От первой части — посвященной в основном путешествиям наших соотечественников и влиянию классицизма, неоклассицизма и барокко на Польшу в конце XVIII — начале XIX века, — проходя через главы о символе и аллегории, для меня самые трудные, я дохожу до глав, посвященных нескольким англичанам; для меня они во многих смыслах стали открытием.

От цитат из дневника Тёрнера до неизвестного мне Хэзлитта {Уильям Хэзлитт (1778–1830) — английский эссеист, популяризатор Шекспира.}, от идей Фюсли { Иоганн Генрих Фюсли, Генри Фзели (1741–1825) — швейцарский и английский рисовальщик и живописец, историк и теоретик искусства.} до Рёскина, сколько мне в голову приходит ассоциаций, выходящих далеко за пределы Англии.

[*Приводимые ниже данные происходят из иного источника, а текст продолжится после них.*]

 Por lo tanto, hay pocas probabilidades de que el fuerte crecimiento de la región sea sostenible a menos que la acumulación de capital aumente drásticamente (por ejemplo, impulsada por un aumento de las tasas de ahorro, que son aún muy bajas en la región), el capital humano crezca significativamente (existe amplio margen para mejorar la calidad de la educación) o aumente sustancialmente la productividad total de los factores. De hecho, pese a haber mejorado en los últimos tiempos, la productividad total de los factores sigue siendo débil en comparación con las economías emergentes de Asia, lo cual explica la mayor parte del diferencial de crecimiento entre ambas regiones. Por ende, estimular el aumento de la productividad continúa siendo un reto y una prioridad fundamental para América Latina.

Так случилось, что одновременно с чтением этой книги я посмотрел в Гран Пале редкой красоты выставку итальянских ташистов «I Macchiaioli». Кто в мире их знает? Или только у меня одного такой пробел? Ведь эти тосканцы, современники французских импрессионистов, не уступают им в смысле qualité

{Качество (фр.).} живописи, вводя в эту живопись, в ту пору такую же современную, редкий элемент сдержанности, больше напоминающий лучшие, еще римские, пейзажи Коро, чем французских импрессионистов.

Читая Возняковского об английском искусстве и критике, глядя на итальянских художников, я подумал, что нужно бы переписать историю живописи XIX века. Не умаляя следующих, зародившихся в Париже, художественных революций, начиная с импрессионизма, — может быть, стоит согласиться с автором, когда он говорит о французском шовинизме, в упор не видевшем ничего, что происходило за пределами Франции.

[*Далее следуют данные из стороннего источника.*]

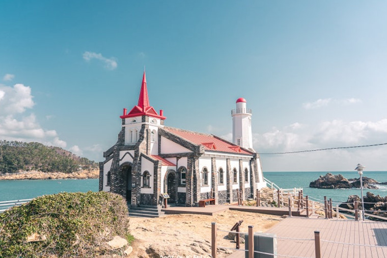【竹城聖堂】是位於小漁村的地理特性,使其形成了與眾不同的氛圍,彷彿將中世紀某座海濱村莊原封不動搬來,整座聖堂與周邊風景如畫一般美麗。打在岩石上的白色碎浪與聖堂的紅色屋頂形成鮮明對比,一下子便吸引了訪客們的目光。竹城聖堂中最多人排隊等候之處,便是如同架好相框般的拍照區,相框中的藍色大海和天空形成了絕美的背景。

Пишу я об этом потому, что дело касается не только Франции, но и целого поколения польских художников, взявшего от Франции лучшее, что было в культуре живописи XIX века. Может быть, я смотрю на это чересчур субъективно, сквозь очки опыта, моего и моих близких друзей-художников. Не только эти течения итальянской живописи были нам неизвестны, но и английская традиция оставалась в тени. Констебл — конечно, хотя бы потому, что им так восхищался Делакруа, был причислен к нашим живописным божкам и сердечно знаком, но сознание новаторства и масштаба Тёрнера пришло к нам с сильным опозданием. А Рёскина — если говорить обо мне — я открыл только благодаря Прусту, а ведь в 1900 и 1901 годах Варшава почтила его десятью томами переводов!

Возняковский перечисляет ряд книг, работ об Англии, изданных в Польше в конце XIX века; еще до Первой мировой войны автор насчитал около двадцати польских изданий, исследований и переводов, об английском искусстве. Откуда это отсутствие интереса к английскому искусству в годы нашей независимости?

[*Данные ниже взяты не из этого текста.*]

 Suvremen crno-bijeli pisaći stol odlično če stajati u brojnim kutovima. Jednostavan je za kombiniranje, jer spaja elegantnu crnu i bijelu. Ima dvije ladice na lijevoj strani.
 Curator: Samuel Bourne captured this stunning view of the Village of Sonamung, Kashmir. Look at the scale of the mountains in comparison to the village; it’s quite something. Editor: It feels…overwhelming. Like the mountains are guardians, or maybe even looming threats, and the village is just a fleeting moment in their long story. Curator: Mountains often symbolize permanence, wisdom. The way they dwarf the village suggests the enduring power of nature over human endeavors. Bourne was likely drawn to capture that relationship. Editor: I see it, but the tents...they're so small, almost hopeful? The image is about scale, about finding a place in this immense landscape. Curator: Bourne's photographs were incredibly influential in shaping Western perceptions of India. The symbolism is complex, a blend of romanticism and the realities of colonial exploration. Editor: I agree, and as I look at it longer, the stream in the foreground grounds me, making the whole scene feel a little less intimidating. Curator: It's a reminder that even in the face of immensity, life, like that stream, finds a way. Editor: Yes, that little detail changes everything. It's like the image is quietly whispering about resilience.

Широта, удивительное богатство мысли и живописной культуры; работы Фюсли — этого англичанина по собственной воле, Тёрнера и других родились не в пустыне, в 1800–1850 годах в Великобритании выходило тридцати журналов, занимавшихся искусством, — восемь из них существуют до сих пор!

Перейти на страницу:

Похожие книги

Лев Толстой
Лев Толстой

Книга Шкловского емкая. Она удивительно не помещается в узких рамках какого-то определенного жанра. То это спокойный, почти бесстрастный пересказ фактов, то поэтическая мелодия, то страстная полемика, то литературоведческое исследование. Но всегда это раздумье, поиск, напряженная работа мысли… Книга Шкловского о Льве Толстом – роман, увлекательнейший роман мысли. К этой книге автор готовился всю жизнь. Это для нее, для этой книги, Шкловскому надо было быть и романистом, и литературоведом, и критиком, и публицистом, и кинодраматургом, и просто любознательным человеком». <…>Книгу В. Шкловского нельзя читать лениво, ибо автор заставляет читателя самого размышлять. В этом ее немалое достоинство.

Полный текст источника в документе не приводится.